The initial Fitting ideal ${\rm Fit}_0(M)$ is called the characteristic ideal of $M$. The Main Conjecture of Iwasawa Theory, which was proved by Mazur and Wiles many years before Wiles’ revolutionary work on Fermat’s Last Theorem, relates the characteristic ideal of $X_\infty$ (or, more precisely, its eigenspaces under the action of ${\rm Gal}(K/{\mathbb Q})$) to $p$-adic L-functions, yielding a far-reaching generalization of the work of Kummer. See this survey paper by Romyar Sharifi for further details.

Concluding remarks

(1) One can also prove Lemma 1 using exterior algebra. Let $\Lambda^k(A)$ denote the $k^{\rm th}$ exterior power of a matrix $A$ over a commutative ring $R$, i.e., the matrix whose $(I,J)$-entry is the determinant of the $k \times k$ minor $A_{IJ}$, where $I,J$ range over all $k$-element subsets of ${ 1,\ldots,m }$ and ${ 1,\ldots, n }$, respectively. If $A$ represents a homomorphism $f : M \to N$ of free $R$-modules, then $\Lambda^k(A)$ represents the induced map $\Lambda^k(f) : \Lambda^k(M) \to \Lambda^k(N)$ on exterior powers. Since exterior powers are functorial, one has $\Lambda^k(AB) = \Lambda^k(A)\Lambda^k(B)$ (a generalization of the multiplicativity of the determinant), from which Lemma 1 follows easily.

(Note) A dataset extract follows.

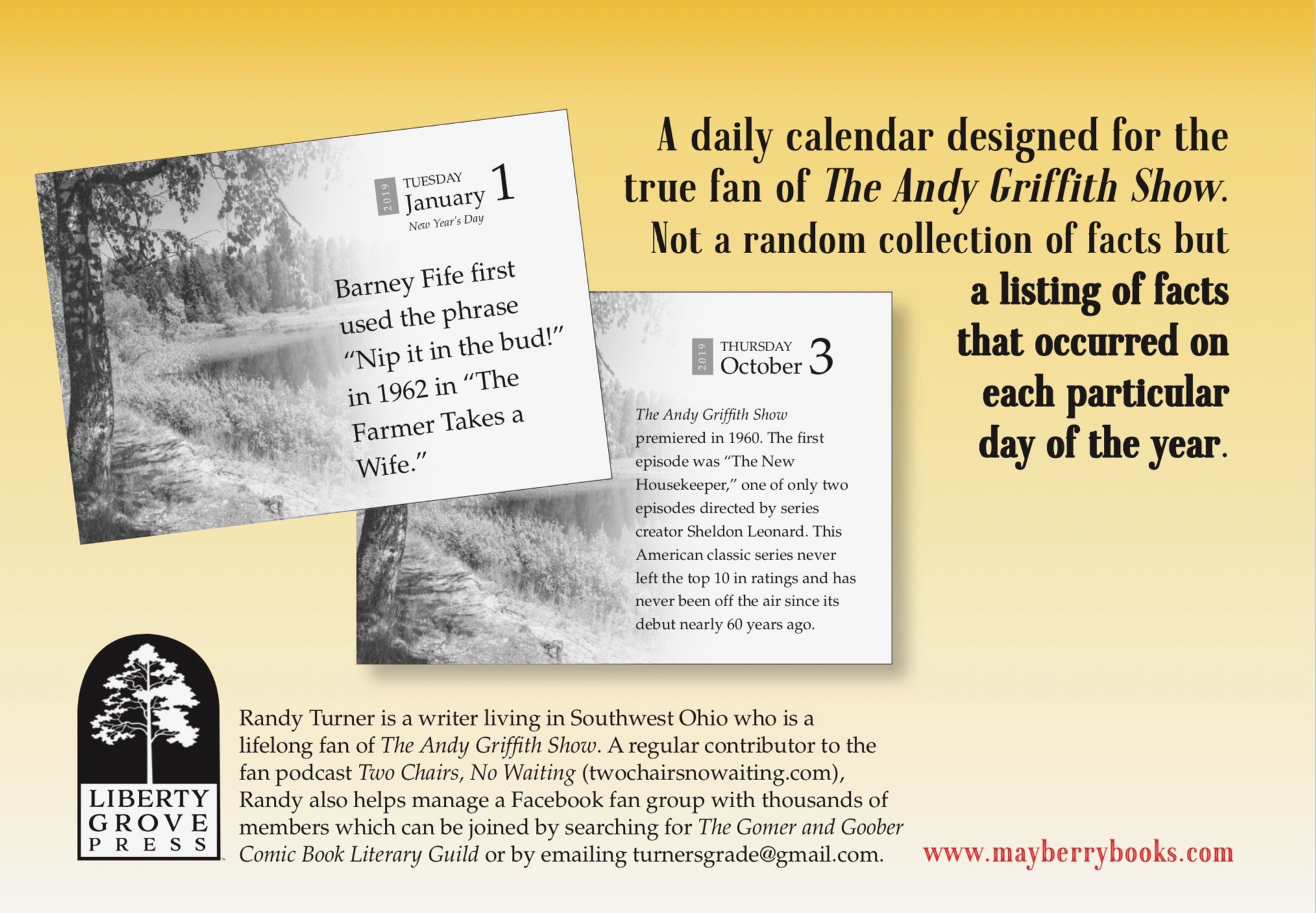 Our first publication, the 2019 Mayberry Day-by-Day Flip Book Calendar, is in stock and ready to ship beginning this coming week! To order online and have them signed (and personalized, if desired), visit https://mayberrybooks.com/product/2019-mayberry-day-by-day-flip-book-calendar/ to use our secure shopping cart to pay by credit card or check. If you are attending Mayberry Days, there are a couple of other signing options as discussed below.

(2) The initial Fitting ideal can be used to give a definition for the image of a morphism of schemes which behaves well in families. The idea is as follows: by the naturality of the construction of Fitting ideals of a module, it makes sense to attach a Fitting ideal sheaf to any sufficiently nice sheaf of modules on a scheme. Accordingly, the Fitting image of a morphism $f : X \to Y$ is defined to be the closed subscheme of $Y$ associated to the sheaf of ideals ${\rm Fit}_0(f_*({\mathcal O}_X))$. This point of view is explored in detail in the book “The Geometry of Syzygies” by Eisenbud.

(3) The Alexander polynomial of a knot can be defined as the initial Fitting ideal of the first homology (with integer coefficients) of the infinite cyclic cover of the complement of the knot, considered as a module over ${\mathbb Z}[t,t^{-1}]$.

(4) For more information on Hans Fitting (1906-1938), who was a student of Emmy Noether and died of bone cancer at age 31 see this biographical page. Among other things, he introduced the Fitting decomposition of a vector space with respect to an endomorphism, which I discussed in this post on the Jordan Canonical Form. His father Friedrich Fitting, who was also a mathematician, is best known today for his 1931 proof that there are exactly 880 magic squares of order 4.